## AIM OF THE EXERCISE
Transcribe every entry verbatim; omit pictures.

Collection entries
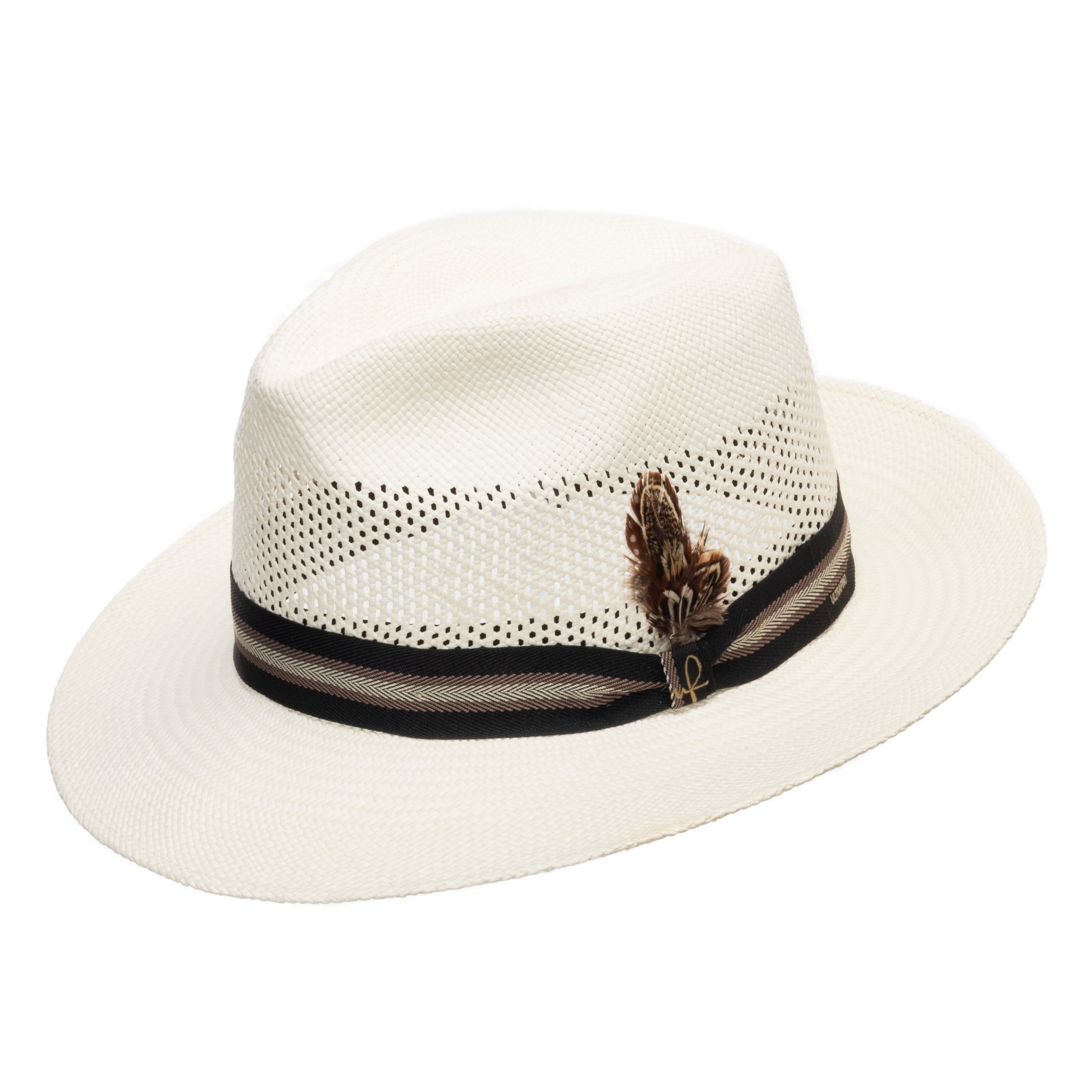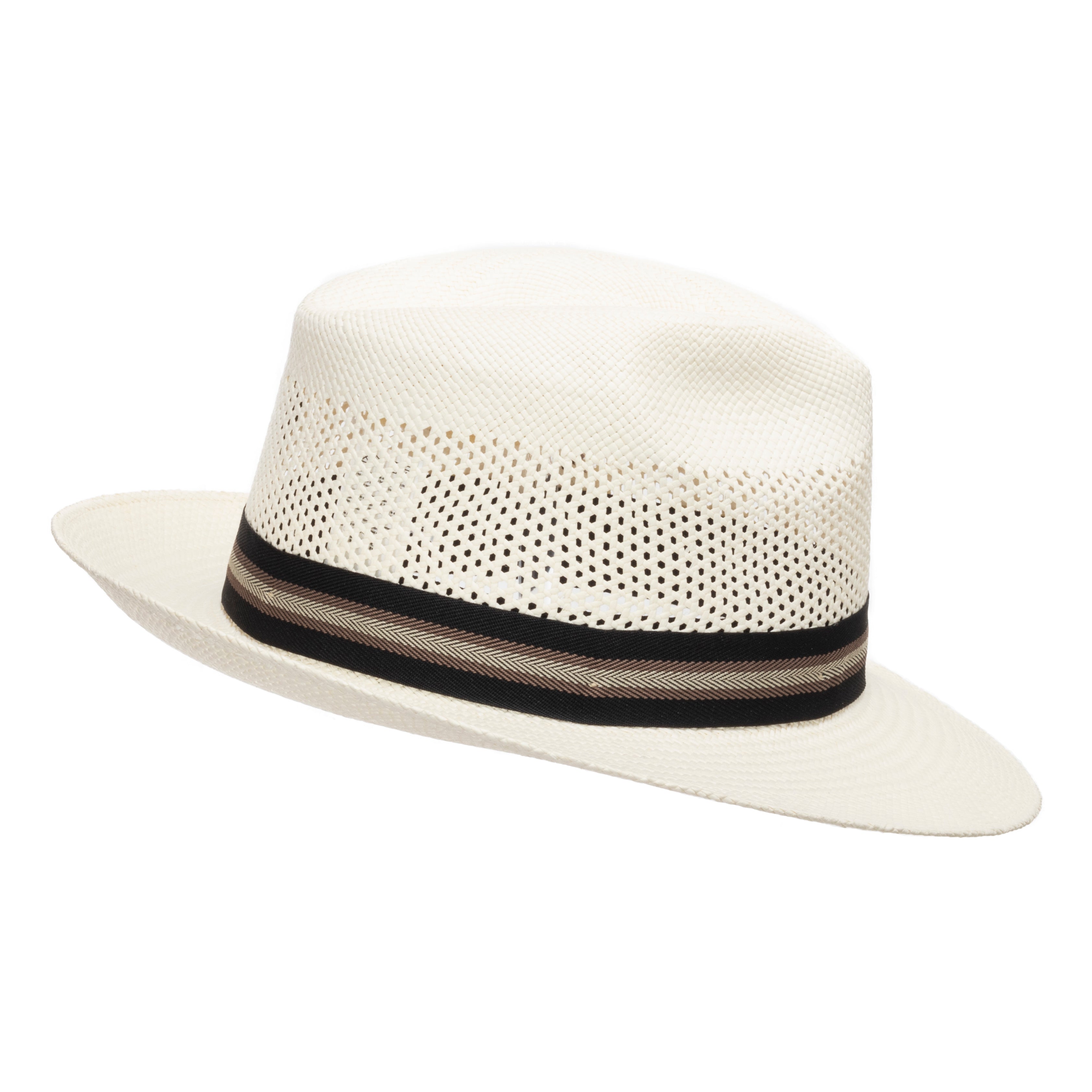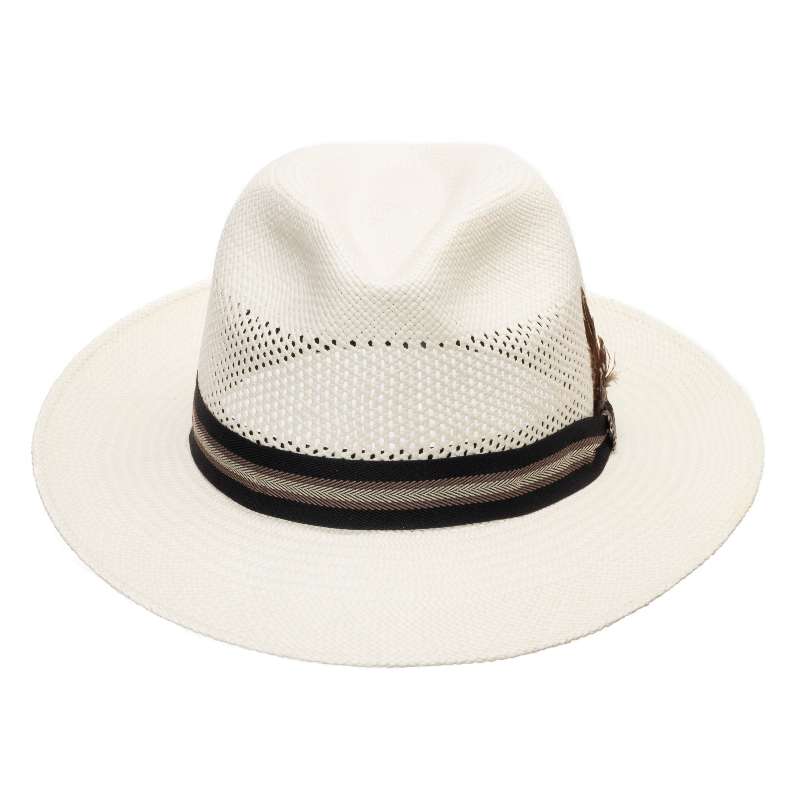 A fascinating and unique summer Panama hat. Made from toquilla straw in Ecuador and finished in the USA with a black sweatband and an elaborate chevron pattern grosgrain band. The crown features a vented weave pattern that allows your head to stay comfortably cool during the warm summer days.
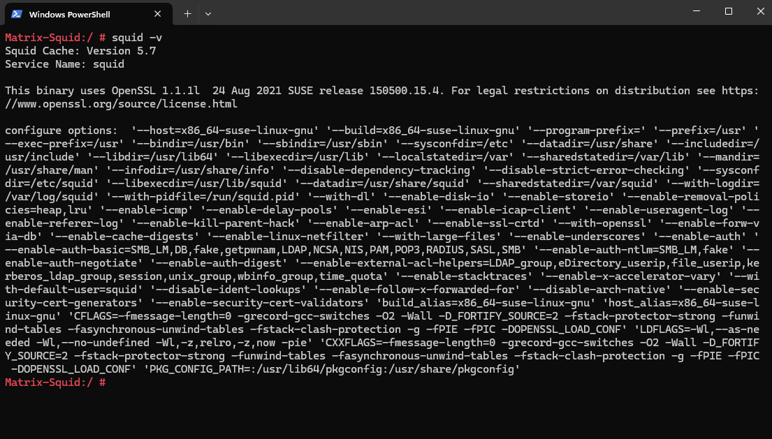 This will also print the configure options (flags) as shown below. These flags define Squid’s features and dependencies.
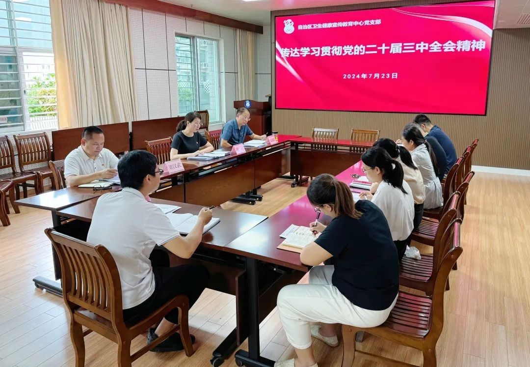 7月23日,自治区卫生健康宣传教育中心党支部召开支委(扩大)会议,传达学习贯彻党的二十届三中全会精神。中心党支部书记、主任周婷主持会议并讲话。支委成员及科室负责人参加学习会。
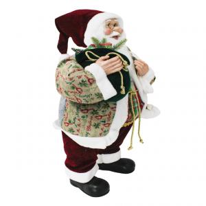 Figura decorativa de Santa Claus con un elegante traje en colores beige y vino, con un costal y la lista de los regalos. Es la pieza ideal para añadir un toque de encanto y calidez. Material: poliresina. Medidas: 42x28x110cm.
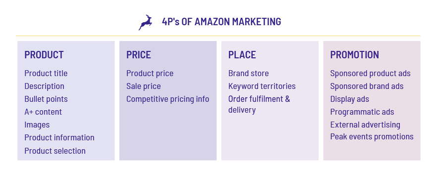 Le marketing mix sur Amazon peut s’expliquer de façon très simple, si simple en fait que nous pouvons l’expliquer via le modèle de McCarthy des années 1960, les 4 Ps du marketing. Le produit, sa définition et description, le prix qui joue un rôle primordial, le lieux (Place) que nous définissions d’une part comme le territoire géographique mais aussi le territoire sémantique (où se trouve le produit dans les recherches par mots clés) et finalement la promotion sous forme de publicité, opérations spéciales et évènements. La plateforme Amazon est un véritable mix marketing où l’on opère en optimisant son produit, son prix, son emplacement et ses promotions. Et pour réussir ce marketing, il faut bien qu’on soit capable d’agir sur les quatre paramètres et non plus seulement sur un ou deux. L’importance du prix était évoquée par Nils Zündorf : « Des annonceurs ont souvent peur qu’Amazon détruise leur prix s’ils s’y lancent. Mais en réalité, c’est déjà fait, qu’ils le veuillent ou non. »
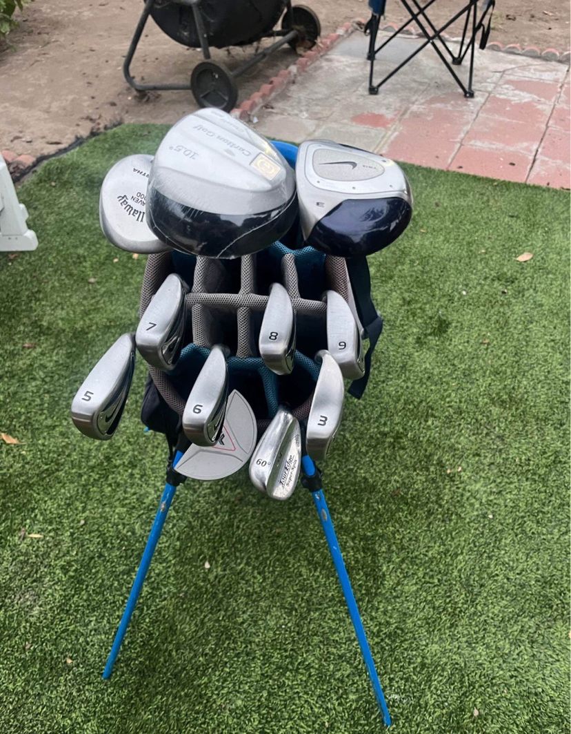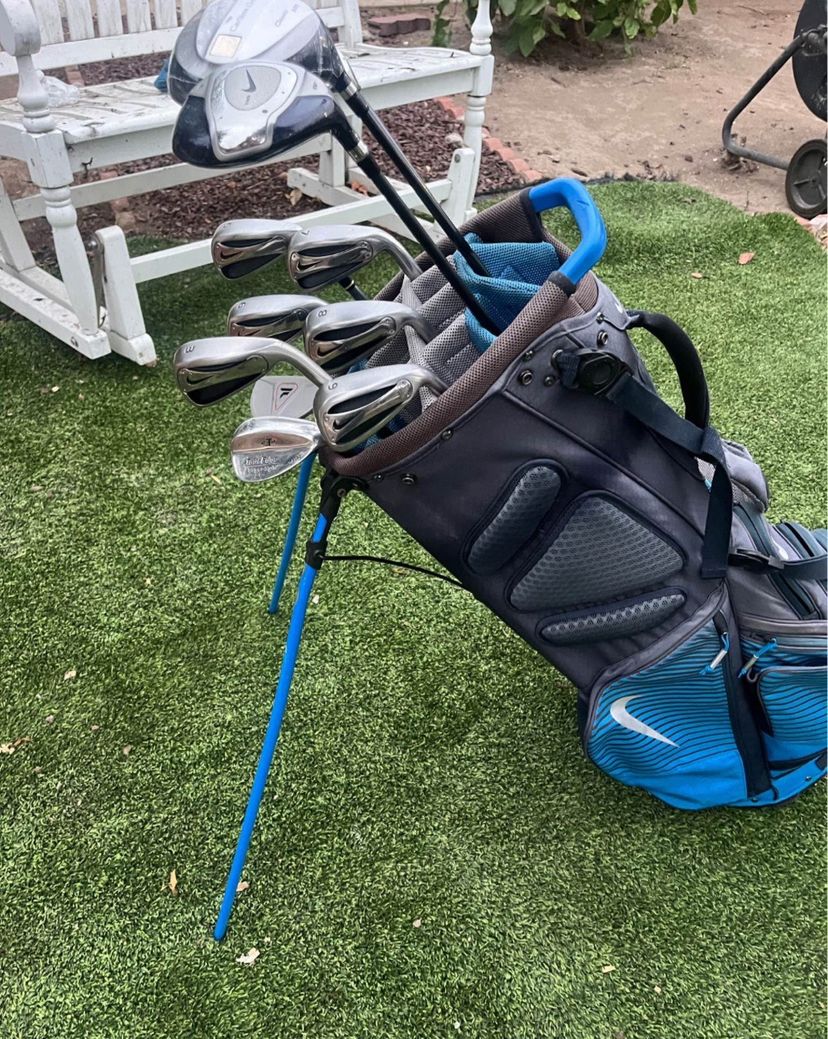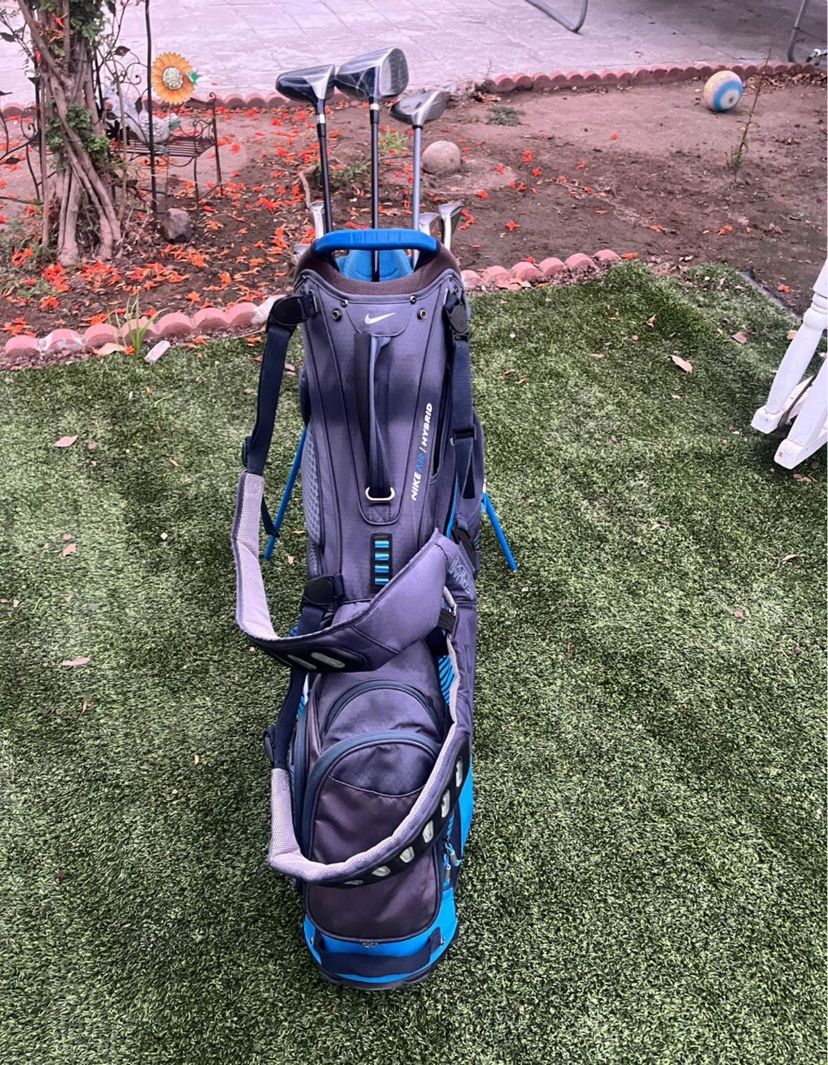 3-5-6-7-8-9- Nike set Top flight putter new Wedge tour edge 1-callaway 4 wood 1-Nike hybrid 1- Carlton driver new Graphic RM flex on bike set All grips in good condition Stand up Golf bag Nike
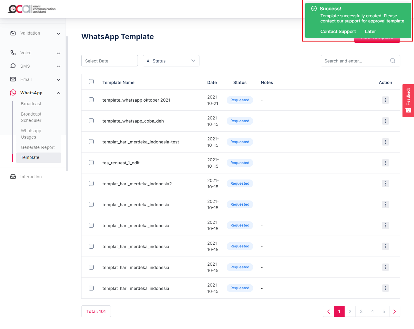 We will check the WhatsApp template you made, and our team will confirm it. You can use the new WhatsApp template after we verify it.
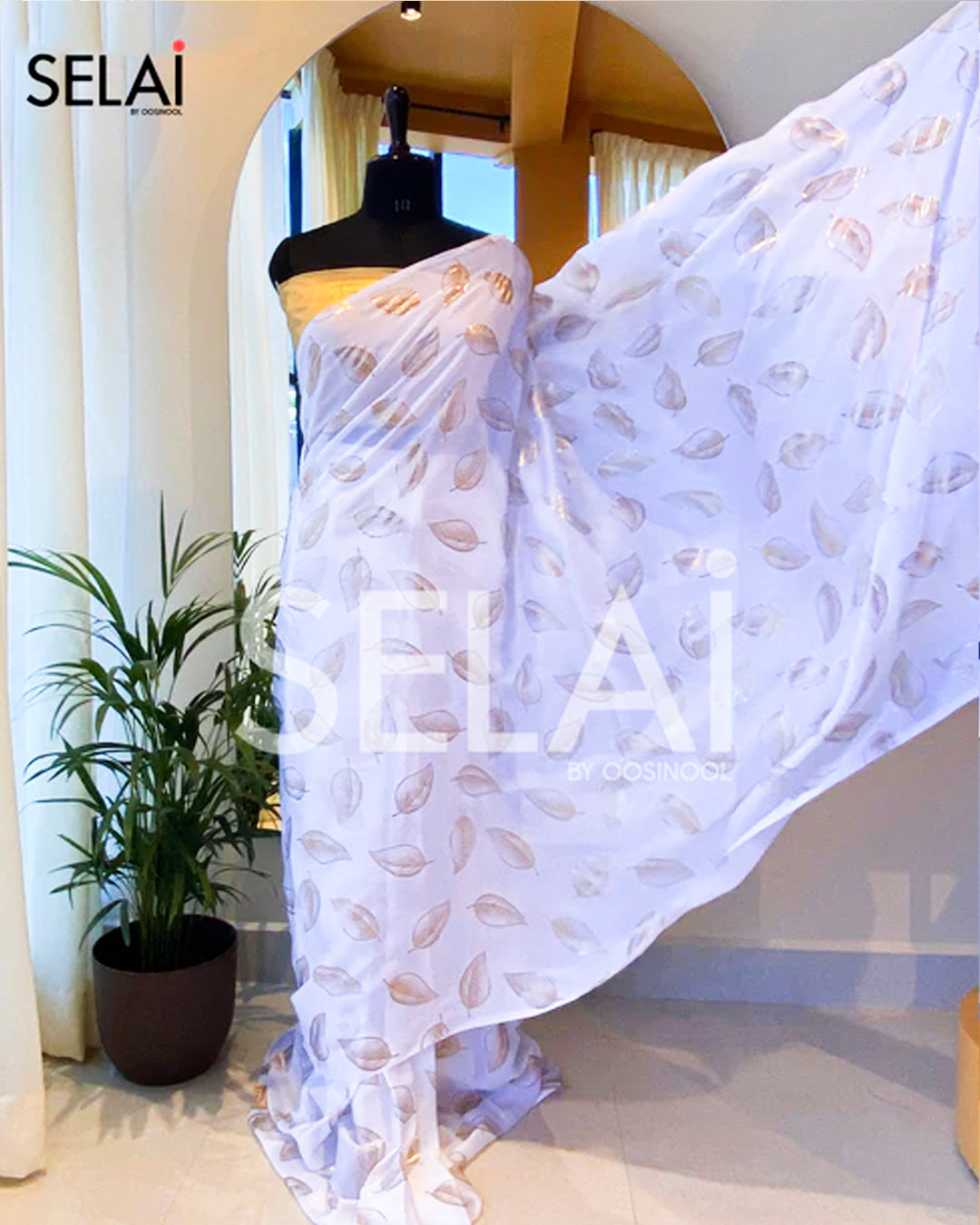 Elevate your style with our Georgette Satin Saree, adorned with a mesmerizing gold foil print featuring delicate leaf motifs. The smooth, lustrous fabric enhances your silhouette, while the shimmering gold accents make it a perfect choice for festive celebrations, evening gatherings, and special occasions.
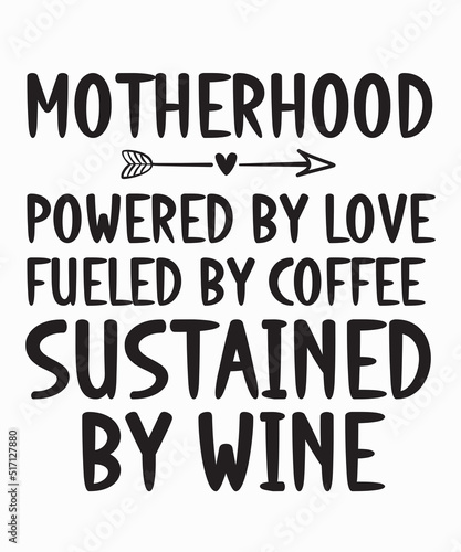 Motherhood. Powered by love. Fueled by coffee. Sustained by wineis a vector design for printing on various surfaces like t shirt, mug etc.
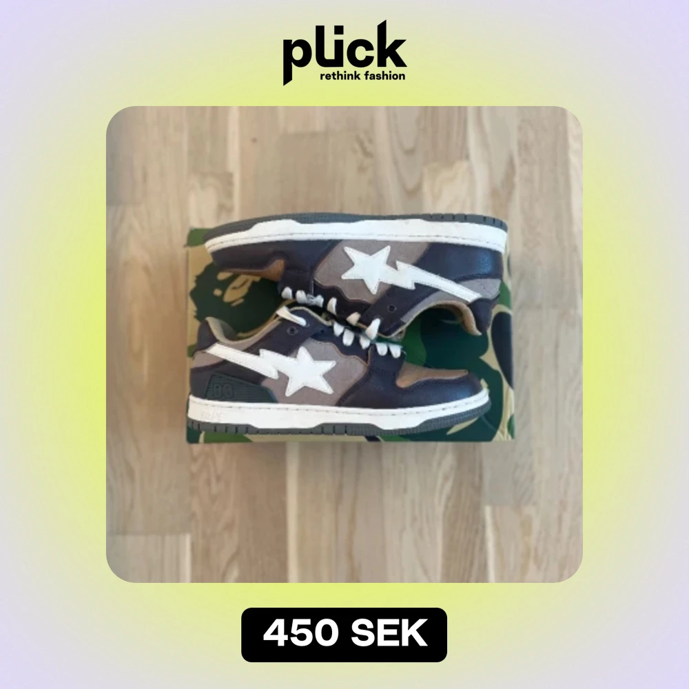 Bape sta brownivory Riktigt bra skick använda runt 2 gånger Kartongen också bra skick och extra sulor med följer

## WORKED SOLUTION
 A fascinating and unique summer Panama hat. Made from toquilla straw in Ecuador and finished in the USA with a black sweatband and an elaborate chevron pattern grosgrain band. The crown features a vented weave pattern that allows your head to stay comfortably cool during the warm summer days.
 This will also print the configure options (flags) as shown below. These flags define Squid’s features and dependencies.
 7月23日,自治区卫生健康宣传教育中心党支部召开支委(扩大)会议,传达学习贯彻党的二十届三中全会精神。中心党支部书记、主任周婷主持会议并讲话。支委成员及科室负责人参加学习会。
 Figura decorativa de Santa Claus con un elegante traje en colores beige y vino, con un costal y la lista de los regalos. Es la pieza ideal para añadir un toque de encanto y calidez. Material: poliresina. Medidas: 42x28x110cm.
 Le marketing mix sur Amazon peut s’expliquer de façon très simple, si simple en fait que nous pouvons l’expliquer via le modèle de McCarthy des années 1960, les 4 Ps du marketing. Le produit, sa définition et description, le prix qui joue un rôle primordial, le lieux (Place) que nous définissions d’une part comme le territoire géographique mais aussi le territoire sémantique (où se trouve le produit dans les recherches par mots clés) et finalement la promotion sous forme de publicité, opérations spéciales et évènements. La plateforme Amazon est un véritable mix marketing où l’on opère en optimisant son produit, son prix, son emplacement et ses promotions. Et pour réussir ce marketing, il faut bien qu’on soit capable d’agir sur les quatre paramètres et non plus seulement sur un ou deux. L’importance du prix était évoquée par Nils Zündorf : « Des annonceurs ont souvent peur qu’Amazon détruise leur prix s’ils s’y lancent. Mais en réalité, c’est déjà fait, qu’ils le veuillent ou non. »
 3-5-6-7-8-9- Nike set Top flight putter new Wedge tour edge 1-callaway 4 wood 1-Nike hybrid 1- Carlton driver new Graphic RM flex on bike set All grips in good condition Stand up Golf bag Nike
 We will check the WhatsApp template you made, and our team will confirm it. You can use the new WhatsApp template after we verify it.
 Elevate your style with our Georgette Satin Saree, adorned with a mesmerizing gold foil print featuring delicate leaf motifs. The smooth, lustrous fabric enhances your silhouette, while the shimmering gold accents make it a perfect choice for festive celebrations, evening gatherings, and special occasions.
 Motherhood. Powered by love. Fueled by coffee. Sustained by wineis a vector design for printing on various surfaces like t shirt, mug etc.
 Bape sta brownivory Riktigt bra skick använda runt 2 gånger Kartongen också bra skick och extra sulor med följer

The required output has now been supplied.